Thank you for your insights and instruction.

And Honest Abe never looked better! 



Langham said:


> II visited Spain in I think 1973 when Franco was still in power and even then he seemed to be a popular figure. (I acknowledge that by then many of his opponents had either left or were merely biding their time.)


I spent a holiday in Catalonia in 1969. Very buttoned down.

Though I found it somewhat disconcerting to be greeted at the airport in the early morning hours by a squad of nervous young men with automatic weapons, all to welcome a plane load of visiting Americans.

And I'm uncertain the Catalans shared very much of the enthusiasm for Franco.


----------



## Gurdon (Feb 7, 2005)

Chouan said:


> I don't like them I'm afraid, both aesthetically and technically. The spacial awareness is wrong in them; the perspective is wrong, the angles of view are wrong. Not deliberately so, I fear, but through failings in the skill of the artist.
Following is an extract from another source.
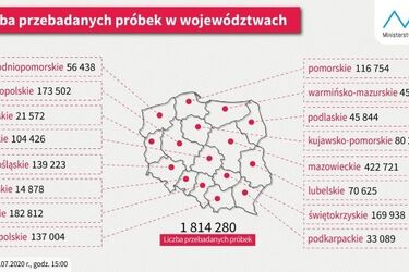 U nas mniej testów niż w kraju W ciągu ostatniej doby w całej Polsce wykonano 25,3 tys. testów w kierunku koronawirusa, z tego 503 w województwie podlaskim. Od początku epidemii zrobiono ich już w sumie ponad 1,86 mln badając ponad 1,64 mln osób, czyli nieco ponad 4% społeczeństwa. W województwie podlaskim ten wskaźnik jest niższy. Dotąd testy wykonano około 3,5% Podlasianom. Także liczba wszystkich wykonanych testów w województwie podlaskim jest niższa niż średnia ogólnopolska. Obecnie na milion Polaków wychodzi 48,62 tys. testów, natomiast na milion Podlasian - 37,88 tys. To dziesiąte miejsce ze wszystkich 16 województw. Mniej niż w Podlaskiem testów wykonuje się w województwach: zachodniopomorskim, lubelskim, warmińsko-mazurskim, lubuskim, podkarpackim. Listę zamyka województwo opolskie, gdzie zrobiono dotąd tylko niespełna 15 tys. badań. Daje to 13,9 tys. w przeliczeniu na milion mieszkańców tego regionu. Najwięcej testów w Świętokrzyskiem Zaskakujące jest, że na największą skalę testuje się w województwie świętokrzyskim, pod żadnym względem niewyróżniającym się w przebiegu epidemii. W Świętokrzyskiem na milion mieszkańców zrobiono aż 130 tys. testów. To ponad trzy razy więcej niż w Podlaskiem, podczas, gdy liczba zachorowań jest tam mniejsza niż w naszym regionie. Kolejne pod względem liczby testów jest województwo mazowieckie - 82,64 tys. testów na milion mieszkańców. Tam liczba zarażeń jest duża, stamtąd też pochodzi większość polskich prominentów, których - o czym wielokrotnie donoszono - testuje się często. Na Śląsku jak na Podlasiu W województwie śląskim, gdzie liczba zarażeń jest kilkukrotnie wyższa niż w innych regionach i cały czas przybywa tam najwięcej nowych przypadków, testuje się tylko minimalnie częściej niż w podlaskim. Na Śląsku poziom przebadania pod kątem koronawirusa wynosi obecnie 38,34 tys. testów na milion mieszkańców. WOJEWÓDZTWO - LICZBA TESTÓW - LICZBA TESTÓW NA MILION MIESZKAŃCÓW świętokrzyskie - 169 938 - 130,52 tys. mazowieckie - 422 721 - 82,64 tys. pomorskie - 116 754 - 53,75 tys. wielkopolskie - 173 502 - 51,87 tys. dolnośląskie - 139 223 - 47,81 tys. małopolskie - 137 004 - 42,52 tys. łódzkie - 104 426 - 39,73 tys. kujawsko-pomorskie - 80 281 - 38,82 tys. śląskie - 182 812 - 38,34 tys. podlaskie - 45 844 - 37,88 tys. zachodniopomorskie - 56 438 - 33,24 tys. lubelskie - 70 625 - 32,01 tys. warmińsko-mazurskie - 45 173 - 31,65 tys. lubuskie - 21 572 - 21,4 tys. podkarpackie - 33 089 - 15,75 tys. opolskie - 14 878 - 13,9 tys. /Stan na 13 lipca, na godz. 15.00. Dane MZ i GUS, obliczenia własne/ Wg oficjalnych danych na całym świecie na COVID-19 dotąd zachorowało 13,3 mln osób. 578 tys. z tej liczby zmarło.

I customarily assume that artists' apparent technical lapses are, in fact purposeful. But this betrays my general indifference to draftsmanship. I don't object to it in Andrew Wyeth's work.

Gurdon


----------



## Chouan (Nov 11, 2009)

Langham said:


> Thanks Chouan, I have already read quite sufficiently about the Spanish civil war, the turmoil that preceded it, and about the ensuing state that emerged in the aftermath, to form my own quite settled opinion about Franco.


No doubt.


----------



## Langham (Nov 7, 2012)

Flanderian said:


> I spent a holiday in Catalonia in 1969. Very buttoned down.
> 
> Though I found it somewhat disconcerting to be greeted at the airport in the early morning hours by a squad of nervous young men with automatic weapons, all to welcome a plane load of visiting Americans.
> 
> And I'm uncertain the Catalans shared very much of the enthusiasm for Franco.


Very Spanish. However, arriving at many airports nowadays, one is still quite likely to encounter nervous young men armed with automatic weapons.
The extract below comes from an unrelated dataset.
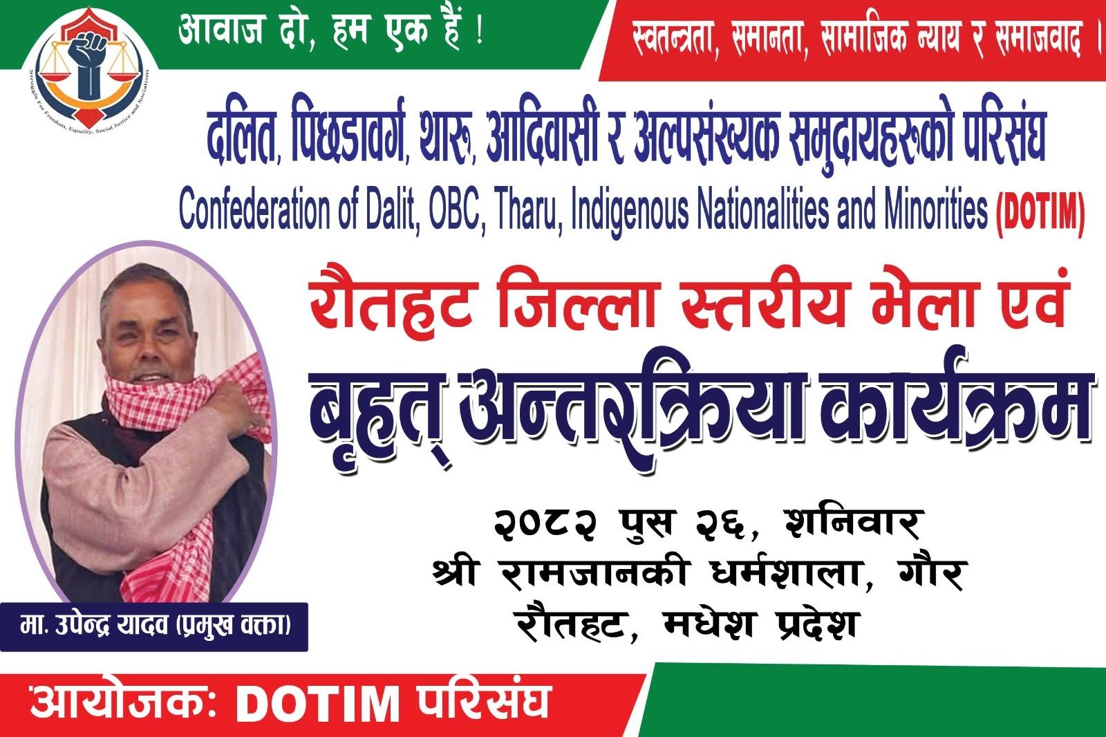 सितल साह , रौतहट, २२ पौष । दलित, पिछडावर्ग, थारु, आदिवासी जनजाति तथा अल्पसंख्यक समुदायलाई एकताबद्ध गर्दै..

No, the Catalans were hardly foremost among Franco's admirers, and have always been rather distrusting of the Castilians. My 1973 holiday was spent mostly in Madrid. I remember there were still a lot of maimed veterans from the civil war on street corners or driving rather unusual invalid carriages.

Authoritarian but not a fascist, the Caudillo enjoyed rather greater success than most of the 20th C's other dictators - latterly of course with much support from the West.


----------



## Chouan (Nov 11, 2009)

Flanderian said:


> Thank you for your insights and instruction.
> 
> And Honest Abe never looked better!
> 
> ...


The Catalans saw their language and culture forbidden, and of course saw tens of thousands of people executed for being perceived as "reds". An accusation that one was a "red" was sufficient evidence for execution, as was publicly speaking in Catalan in the 1940's. One of the reasons why Barca is nearly religiously supported in Catalunya is that it was the only safe way in which one could show one's Catalan identity.


----------



## Gurdon (Feb 7, 2005)

The Heathcoate works are not great art but they are satisfactory art, and aesthetically satisfying for certain individuals.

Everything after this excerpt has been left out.